5. Other Features a SaaS Product Requires
In addition to the mentioned ones, a full-featured saas template needs:
• A blog/CMS with SEO-friendly slugs and Rich Text Editor
• Forms for capturing leads and contacting customers
• Sending email campaigns and templates for Resend and AWS SES
• Managing users with filtering, pagination, soft deletion, and onboarding status
• Admin panel with information about all registered users, credits, and subscribed plans
What I Would Do Differently
Think about architecture first. I built several features too early which I had to rewrite later because of poor architecture decisions. Thinking about repositories and services first could save me a week or two.
Don't underestimate emails. They seem like a minor feature but when you add templates, handling deliverability issues, using several providers for transactional and marketing messages, it becomes really complex.

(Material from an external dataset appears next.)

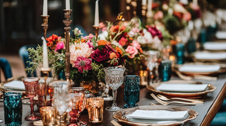 Elegant candlelit banquet table with floral centerpieces and fine tableware in lavish setting. That the image is generated using AI

Test your code from day one. Configuring Jest and setting up CI/CD from day one looks like an unnecessary overhead but skipping it until you see it as important slows everything down significantly.
Who This Is For
Kostra is for developers and product owners who want to launch a SaaS app fast without sacrificing its production-ready setup. For someone who wants to try out Next.js and have freedom in developing a personal project, T3 Stack or create-next-app may be a better option.